------ RECORDS PROVIDED

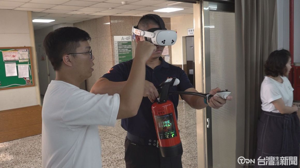 ▲消防員戴上XR眼鏡,手持虛擬滅火器,在模擬環境中練習滅火操作/記者 蔡育楷 攝
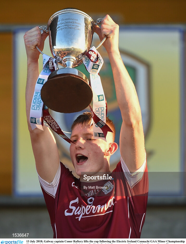 13 July 2018; Galway captain Conor Raftery lifts the cup following the Electric Ireland Connacht GAA Minor Championship Final match between Roscommon and Galway at Dr Hyde Park in Roscommon. Photo by Matt Browne/Sportsfile
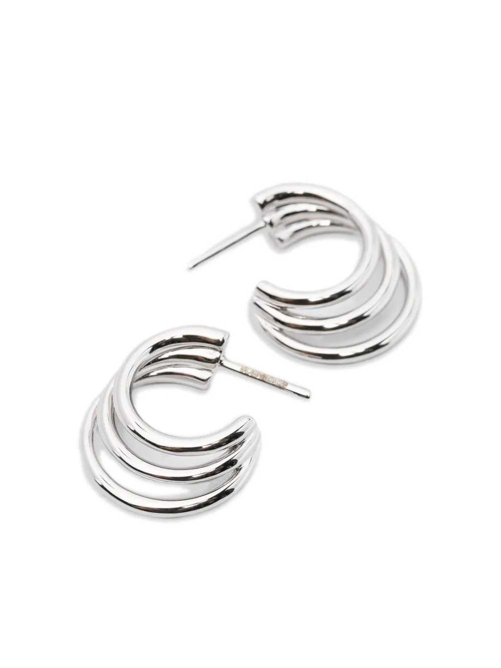 Серебряные серьги-кольца с застежкой-гвоздиком. Эти серьги продаются в паре. Обычное ежедневное использование и внешние факторы могут уменьшить блеск драгоценных камней и золотых поверхностей. Для ухода используйте специальные неабразивные средства, предназначенные для чистки ювелирных изделий.
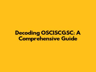 Decoding OSCISCGSC: A Comprehensive Guide
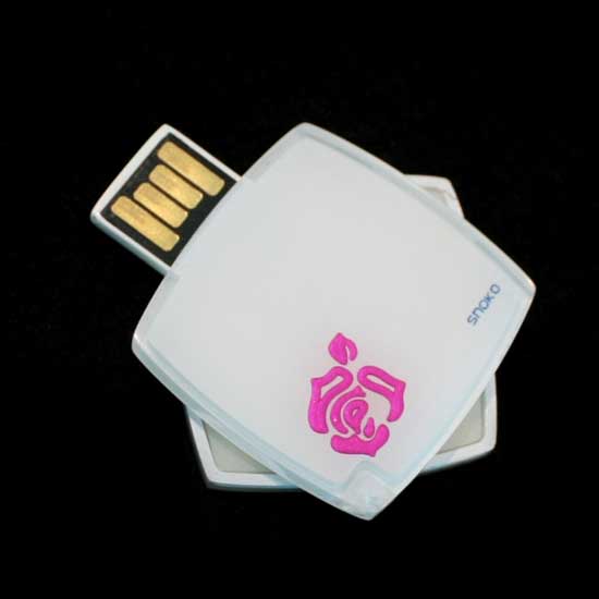 This gift USB disk boasts a sweet, girlish design to attract female users. It comes with a rotatable structure for releasing the connector. The beautiful rose pattern in pink adds unique style to this USB.

------------

» **YOUR OBJECTIVE**:
Please write out the whole listing exactly, but not the pictures in it.

» **SOLUTION FOR THIS PROBLEM**:
 ▲消防員戴上XR眼鏡,手持虛擬滅火器,在模擬環境中練習滅火操作/記者 蔡育楷 攝
 13 July 2018; Galway captain Conor Raftery lifts the cup following the Electric Ireland Connacht GAA Minor Championship Final match between Roscommon and Galway at Dr Hyde Park in Roscommon. Photo by Matt Browne/Sportsfile
 Серебряные серьги-кольца с застежкой-гвоздиком. Эти серьги продаются в паре. Обычное ежедневное использование и внешние факторы могут уменьшить блеск драгоценных камней и золотых поверхностей. Для ухода используйте специальные неабразивные средства, предназначенные для чистки ювелирных изделий.
 Decoding OSCISCGSC: A Comprehensive Guide
 This gift USB disk boasts a sweet, girlish design to attract female users. It comes with a rotatable structure for releasing the connector. The beautiful rose pattern in pink adds unique style to this USB.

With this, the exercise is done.